Infrastructure as Code doesn't solve these problems directly, but it makes them manageable. When your infrastructure is code:

• You can test different machine types to optimize cost vs. performance

• You can provision instances with the right mix of CPU, memory, and GPU

• You can automate the deployment of model artifacts and configuration

• You can quickly spin up infrastructure in new regions when latency matters

The Hidden Benefit: Confidence

The real win isn't technical—it's psychological. When your infrastructure is code, you develop confidence.

Confidence that if production catches fire, you can rebuild it in minutes. Confidence that you can hand the project to someone else and they'll get an identical environment. Confidence that scaling from 1 server to 20 is a parameter change, not a crisis.

ML systems are complex enough. The model might drift as data distributions change. Feature pipelines might break when upstream data sources evolve. Predictions might degrade in ways that are hard to detect.

You don't need infrastructure to be another source of mystery and fragility. Make it boring. Make it reproducible. Make it code.

Getting Started

If you're building an ML system and still clicking buttons in cloud consoles, here's your homework:

1. Pick a tool: Terraform is the industry standard, but Pulumi (code-based) or CloudFormation (AWS-specific) work too.

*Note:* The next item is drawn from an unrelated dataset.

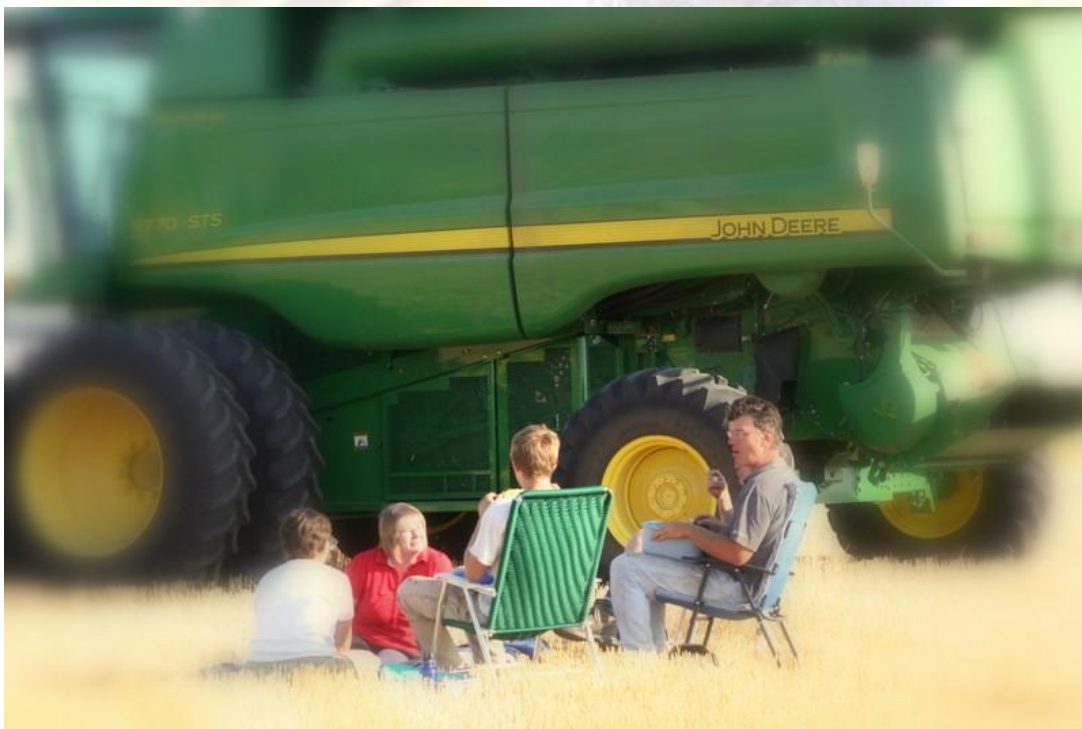
Figure 8: Family Business Continuance and Succession Planning must take into account the personal and management aspects of the family business

2. Start small: Define one compute instance. Get it working. Destroy it and rebuild it.

3. Add networking: Configure firewalls, load balancers, VPCs. Make them code.

4. Automate provisioning: Write startup scripts that install dependencies and configure the environment.

5. Set up remote state: Store your Terraform state in a cloud bucket, not your laptop.

6. Test destruction: Regularly run terraform destroy and terraform apply to verify everything rebuilds correctly.

You'll know you've succeeded when destroying your production infrastructure feels calm instead of terrifying. Because you know you can rebuild it, exactly as it was, in under 10 minutes.

That's the power of disposable infrastructure.